With `--features code`, `CodeChunker` uses tree-sitter parsers for Rust and
Python and returns explicit `ChunkError` values for parser failures or oversized
semantic nodes.
## SemanticChunker Example
```rust
use julienne::SemanticChunker;
fn simple_embedding(text: &str) -> Vec<f32> {
let lower = text.to_lowercase();
let a = ["sql", "table", "vectorizer"].iter().map(|k| lower.matches(k).count() as f32).sum::<f32>();
let b = ["weather", "rain", "forecast"].iter().map(|k| lower.matches(k).count() as f32).sum::<f32>();
vec![a, b]
}
let chunker = SemanticChunker::builder()
.chunk_size(500)
.chunk_overlap(50)
.window_size(3)
.skip_window(1)
.reconnect_similarity_threshold(0.75)
.max_aside_length(512)
.embedding_fn(std::sync::Arc::new(simple_embedding))
.build()
.unwrap();
let chunks = chunker.split_text("...");
```
## Testing
```bash
cargo test
```
Integration tests use fixtures under:
- `examples/summarize_article.sql`
- `examples/embeddings_from_documents/documents/pgai.md`
## Benchmarks
```bash
cargo bench --bench splitters_bench
```
Code chunker benchmarks are feature-gated:
```bash
cargo bench --bench splitters_bench --features code -- splitters_code
```
The benchmark compares all splitter strategies on markdown and SQL fixtures,
including word-count and `tiktoken` length profiles for semchunk.
## API Contracts
Structured chunk APIs return `TextChunk` with stable source offsets.

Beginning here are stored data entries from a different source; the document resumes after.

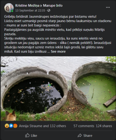 "Хочу предупредить жителей Яунмарупе об опасном месте! Пожалуйста, будьте осторожны на участке между новой детской площадкой и стадионом – нам с собакой здесь не повезло. Мы прогулялись по вышеупомянутому месту, когда вдруг собака Марли исчезла", - рассказывает Кристине.
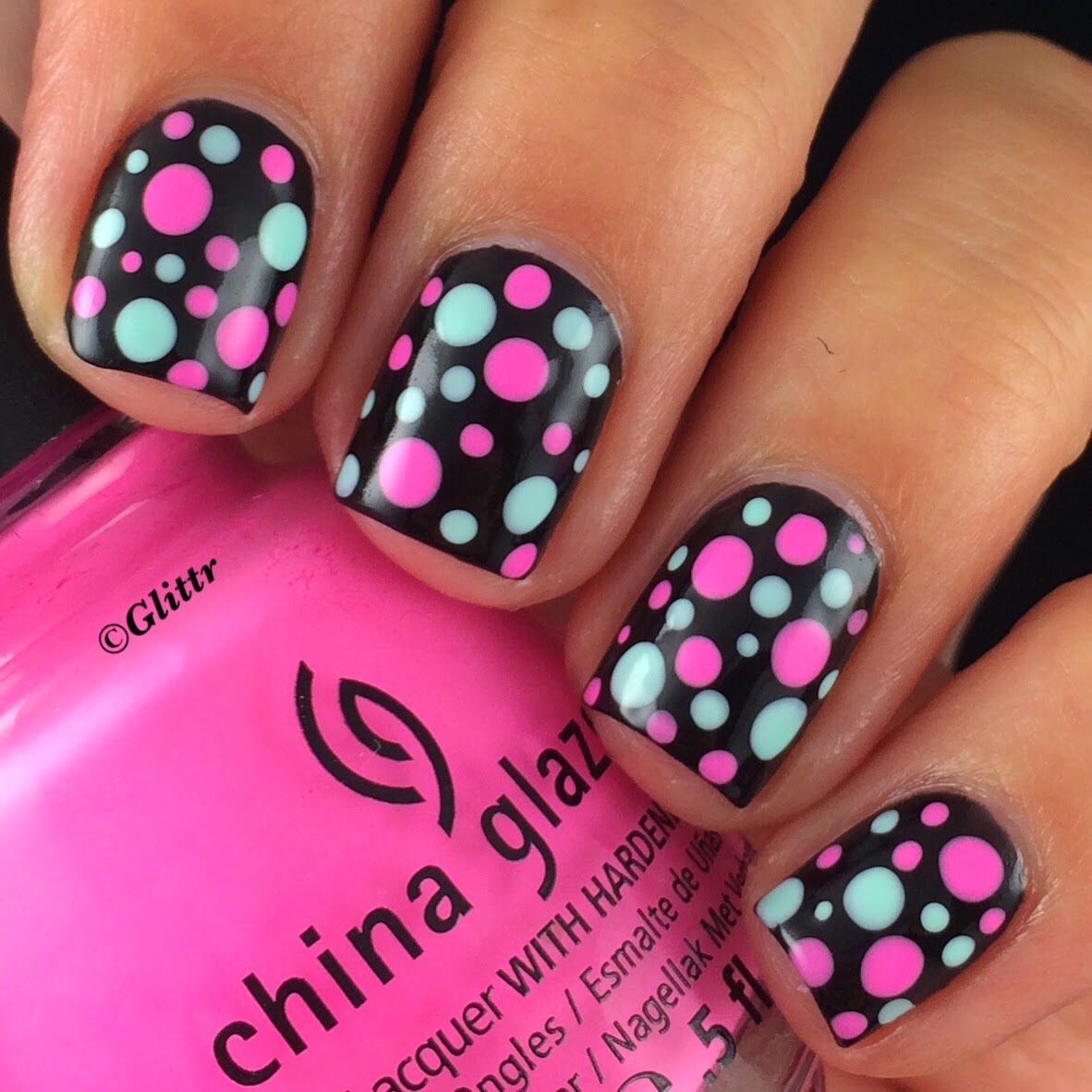 Points noirs et blancs en manucure.
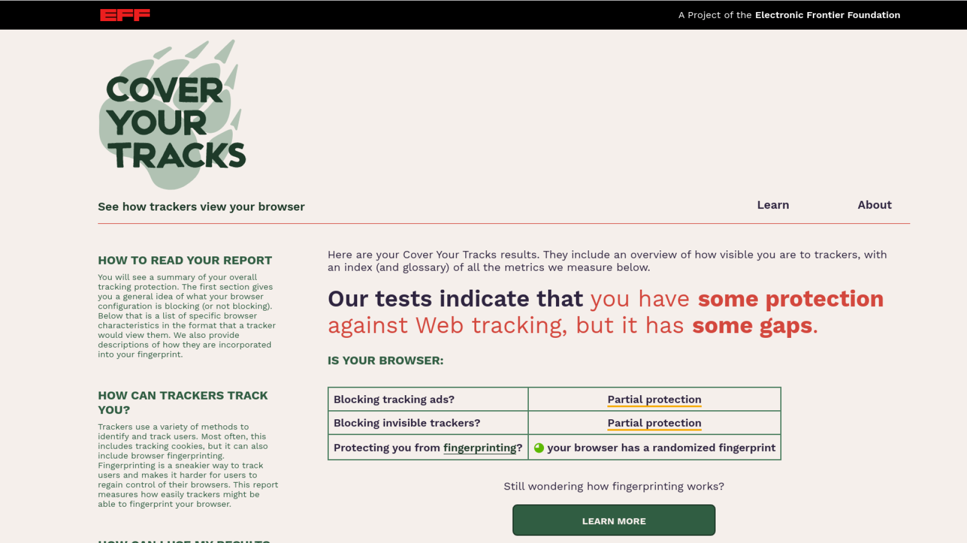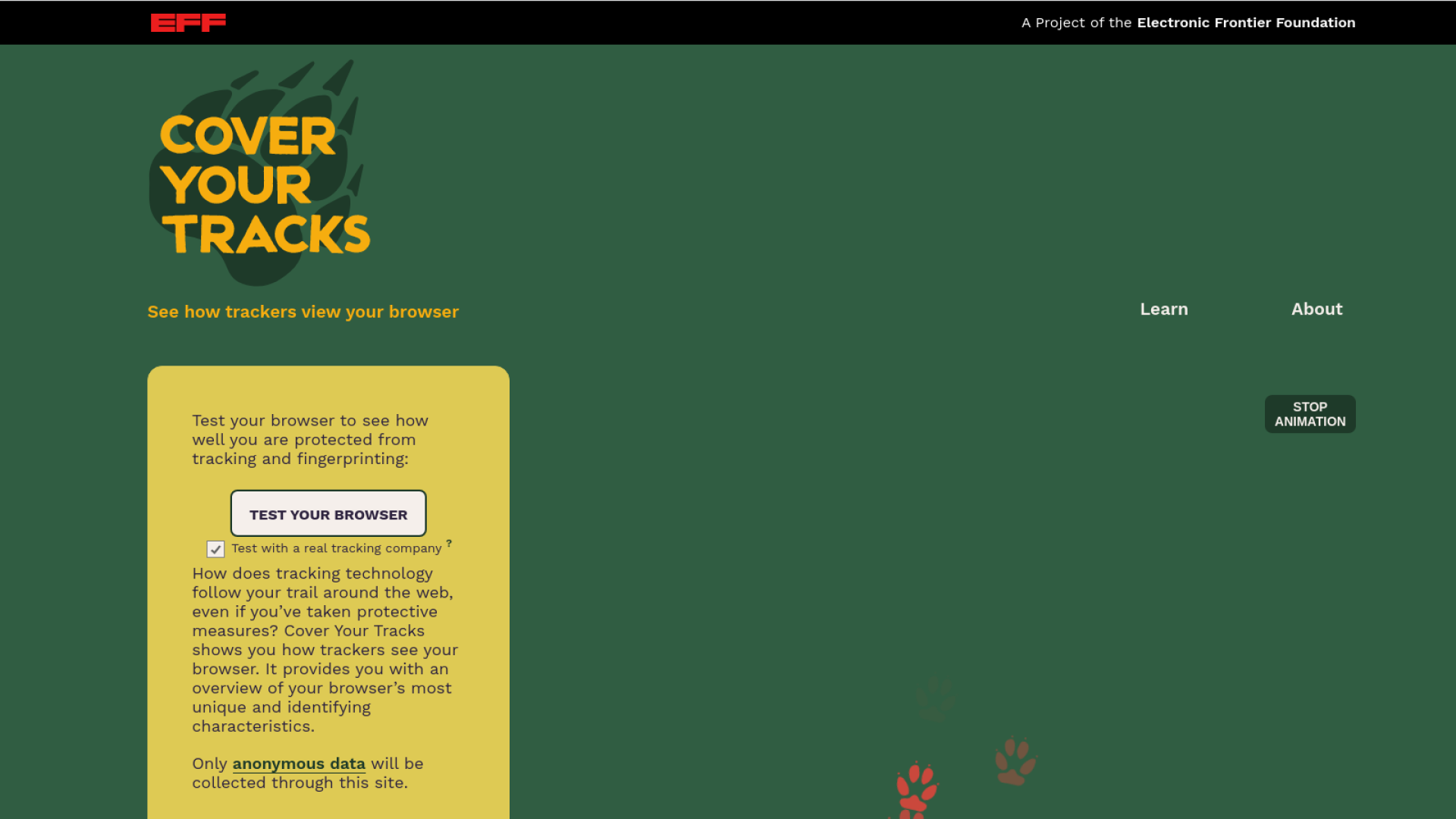 EFF নিরাপত্তার এসব বিষয়ের উপর নজর রাখে। EFF এর পূর্ণরূপ হলো Electronic Frontier Foundation। এটি মূলত এক ধরনের টুলস। পূর্বে এটা Panopticlick নামে পরিচিত ছিলো। বর্তমানে এটা অনেকটাই উন্নত ভার্সনের টুলস এবং এর নাম পরিবর্তিত করে রাখা হয়েছে CoverYourTracks।

Public
splitter types and builders are `Send + Sync + Clone` when their configured
handles are. Infallible splitters expose `split_text`, `split_chunks`, and
iterator-style `chunks` where available. Fallible integrations use `try_*`
methods and return `ChunkError`; this includes batch embedding and tree-sitter
code parsing.
## Scope And Non-Goals
This crate is a chunking library. Compared with Chonkie, the focus is Rust-native
range-preserving chunks, explicit fallibility, and configurable splitter
strategies rather than a Python-first experimentation surface. Compared with
Chunkr, this crate does not try to be document intelligence infrastructure: no
OCR, hosted API, document loading service, layout extraction, vector database
handshake, or ingestion pipeline is included. Bring already-extracted text,
Markdown, HTML/XML, or source code strings; the crate returns chunks.